Lukasz Kaiser

About Lukasz Kaiser

Lukasz Kaiser is a deep learning researcher at OpenAI and one of the eight co-authors of the landmark 2017 paper "Attention Is All You Need" that introduced the Transformer architecture. What makes Kaiser unique among the "Transformer Eight" is his choice: while seven of his co-authors left to found AI startups (including Cohere, Adept, and Character.AI), Kaiser remained an engineer, eventually joining OpenAI in 2021.

At OpenAI, Kaiser has been at the center of the company's most important breakthroughs. He served as the long-context lead for GPT-4 and led the research team that developed the O1 reasoning models—what he calls "a new paradigm" fundamentally different from pure transformer scaling. His X/Twitter announcement when O1 launched captured this significance: "I'm so happy to see o1 launch! Leading this research with my colleagues for almost 3 years and working on related ideas even longer convinced me: it's a new paradigm."

Before his AI career, Kaiser was a tenured researcher at University Paris Diderot specializing in logic and automata theory. He received his PhD from RWTH Aachen University and his MSc from the University of Wroclaw, Poland. This formal methods background may explain his focus on reasoning and verification in AI systems.

Career Highlights

OpenAI (2021-present): Research Scientist, led O1/O3 reasoning model development, GPT-4 long-context lead
Google Brain (2014-2021): Staff Research Scientist, co-authored Transformer paper
University Paris Diderot: Tenured researcher in logic and automata theory
Co-authored: "Attention Is All You Need" (2017), TensorFlow system, Tensor2Tensor and Trax libraries

Notable Positions

On the Reasoning Paradigm

Kaiser draws a sharp distinction between two AI paradigms. The original transformer scaling paradigm—"just predict the next word and train a bigger and bigger model on more and more data"—has plateaued due to data constraints. But the reasoning paradigm is fundamentally different:

"Reasoning models learn from another order of magnitude less data. This paradigm is so young that it's only on this very steep path up... We've scaled it up a little bit but there could be way more."

On Staying an Engineer

Unlike his Transformer co-authors who became founders, Kaiser chose to remain hands-on:

"Welcome the... authors of the paper that says attention is all you need. Ladies and gentlemen, the only person who is still an engineer—Lukasz."

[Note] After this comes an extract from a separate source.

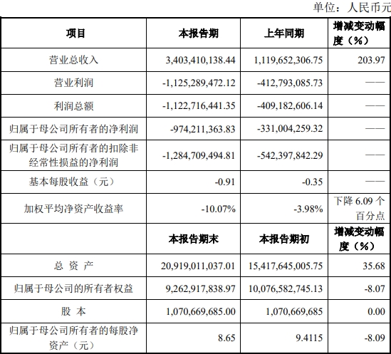 孚能科技2月28日披露的2021年度业绩快报显示,公司2021年实现营业总收入34.03亿元,同比增长203.97%;归属于母公司所有者的净利润为-9.74亿元,上年同期为-3.31亿元;归属于母公司所有者的扣非净利润为-12.85亿元,上年同期为-5.42亿元;基本每股收益为-0.91元,上年同期为-0.35元;加权平均净资产收益率为-10.07%,比上年同期下降6.09个百分点。
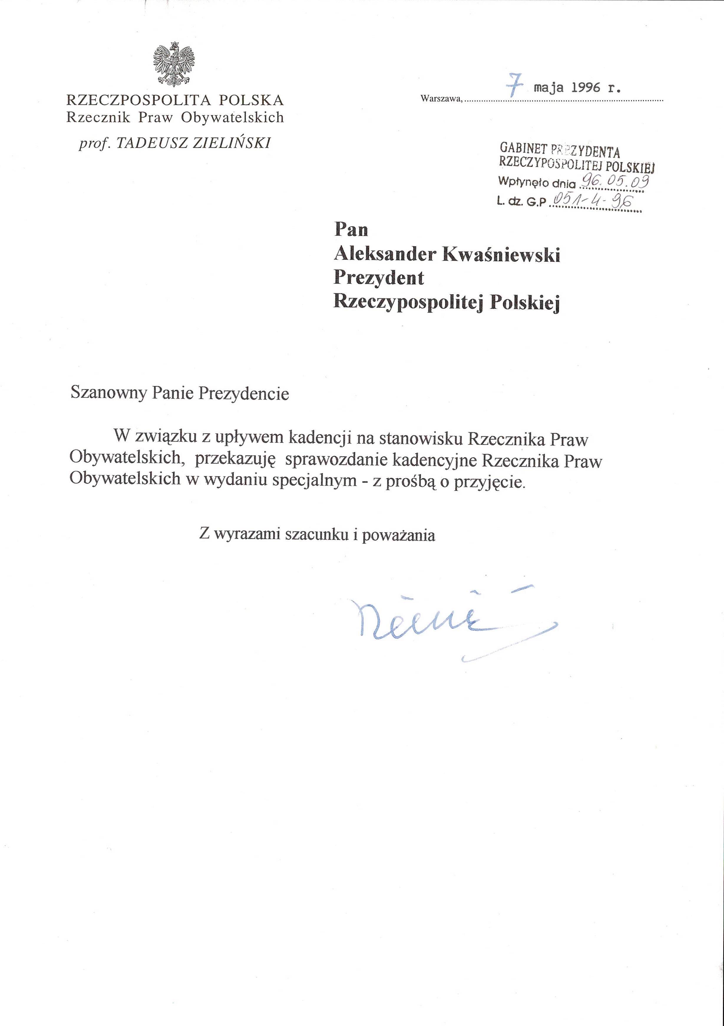 Treść dedykacji: Szanowny Panie Prezydencie W związku z upływem kadencji na stanowisku Rzecznika Praw Obywatelskich, przekazuję sprawozdanie kadencyjne Rzecznika Praw Obywatelskich w wydaniu specjalnym - z prośbą o przyjęcie z wyrazami szacunku i poważania

This choice has put him at the center of OpenAI's most consequential work, from GPT-4 to reasoning models.

On the AGI Timeline

Kaiser dislikes the term "AGI" but emphasizes the practical reality: AI can now work for hours on useful tasks, not just answer in seconds. For computer-based tasks—clicking, writing, programming—automation is "coming fast," while physical-world robotics remains in its infancy.

Key Quotes

"There is the new paradigm which is reasoning and that one is only starting. This paradigm is so young that it's only on this very steep path up." (on reasoning models)
"I don't think there is any winter in this sense coming. If anything, it may actually have a very sharp improvement in the next year or two—which is something to almost be a little scared of." (on AI progress)
"That's the ultimate bottleneck—GPUs and energy." (on constraints)
"It's a new paradigm. Models that train hidden CoTs are more powerful than raw Transformers, learn from less data, generalize better." (on O1 launch)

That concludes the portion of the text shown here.